Obviously, you don’t wanna shout: “I GOTTA BIG ONE!”
Think along the lines of a parent telling their child not to touch the stove. You have to set it up somehow that they WANT to touch (and perhaps other things) your ‘stove’.
Of course, this is my junior high self talking, but the general idea still works, it just has to be tweaked…or not.
Anyway, in the right kind of pants/jeans, it should give you a really massive looking bulge and not only that, but the outline of your whole cock should be visible thru the fabric.
To the crotch-watching donkeys out there, that’s a dangling carrot they’ll follow behind the school, into the bathroom, into the teachers lounge, under the bleachers during a pep rally just to get a nibble…

Damn, I had alot of fun back then.

Make an announcement on a mega phone at your town centre. Send everyone pictures of it. Print out flyers for distribution. Get business cards printed and state of your big beef piece on it. Start a website and promote it. Walk around with your penis hanging out of your pants.

Just some of the many ways to go about it! :)


Where would I be without PE?

I’ve done the package through the underwear fly before.
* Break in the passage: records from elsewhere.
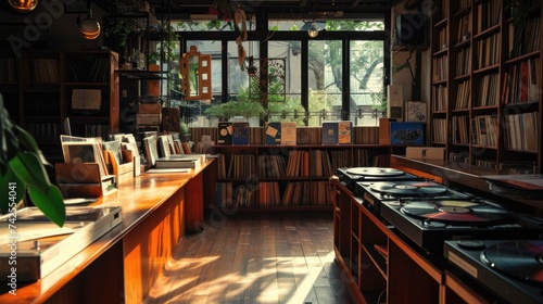 Concept of vinyl and listening bar, communication and musical experiences, retro music, music socializing and audiophile community.
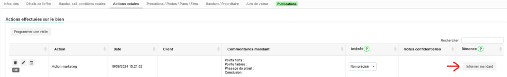 ATTENTION : Une Visite ou une Présentation pourra être dénoncée, les autres actions pourrons être envoyées « pour information »
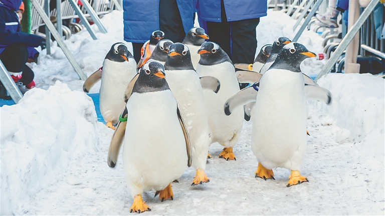 “我們就是專程為‘淘學(xué)企鵝’而來,能在哈爾濱看到全國僅有的企鵝冰雪巡游,真的不虛此行?!痹缭?年前,上海游客孟蕓就通過短視頻看到它們背著小書包打卡黑龍江美景的身影,成為妥妥的“鵝粉”。她說,為了能在前排近距離觀看,她更是早早就來到極地廣場(chǎng)等候。哈爾濱極地公園營銷部經(jīng)理崔美艷說,“淘學(xué)企鵝冰雪巡游”自啟動(dòng)以來,每日引萬人打卡,成為今冬的爆款網(wǎng)紅活動(dòng),吸引全國游客來到哈爾濱看企鵝打卡拍攝,全網(wǎng)曝光量更是在25天的時(shí)間里突破了8.5億。
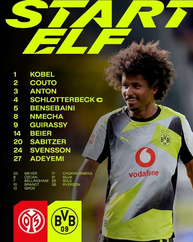 直播吧09月27日宣 德甲第5轮,多特客场挑战美因茨,双方首发名单公布,本场比赛,多特今夏的标王小贝林厄姆继续替补,这已经是他连续第四场替补。
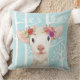 Coussin Happy Animal avec Fleurs en Bleu Forêt-Mouton
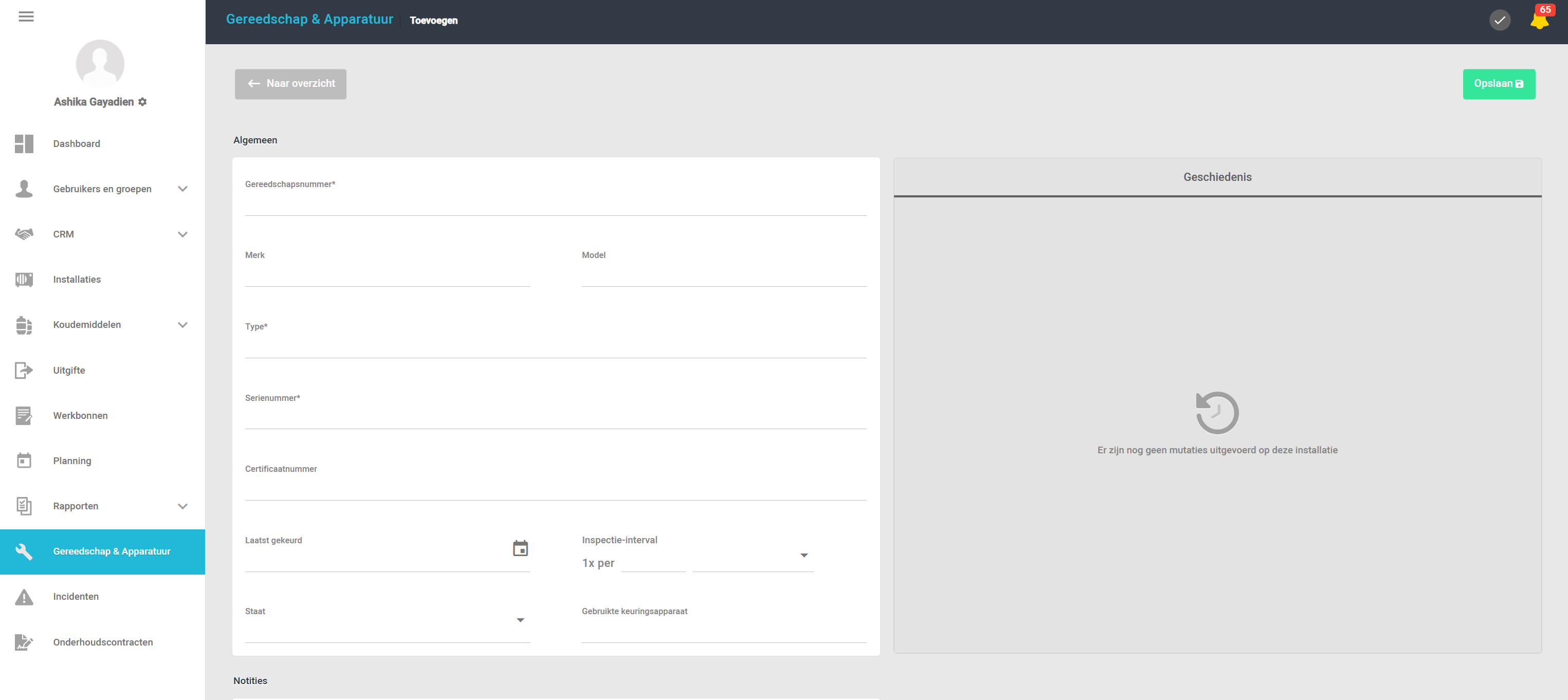 - Ga naar de module Gereedschap en Apparatuur. Hier zie je een overzicht van alle reeds geregistreerde gereedschappen.

It’s the one thing I’ve done that definitely got noticed.

Originally Posted by Gottagrow
There is nothing in this world like unconditional love from a woman.

True, but teasing a woman with a blatant salami contour must figure up there somewhere :)

When I reach my target size I’m going to one of those web sites where you can design your own one off T-shirt. So you could get one printed that said nothing more than “7 3/4 x 5 3/4”. That would be a great conversation starter. Then when she asks what it means, plead ignorance while swinging your arm around to catch her attention then casually cup your C&B’s like an old buddy. Keep your focus on her eyes throughout, so that when she looks up again to meet your eyes and makes the connection, you can capture that wonderful blushing moment in all its glory, and revel in her futile attempt to keep the conversation rolling without mentioning the vivid picture in her mind of a nice big juicy cock that’s so close she could just grab it right now…

Oh the power!

(It also adds a new dimension to the “cocky funny” attitude).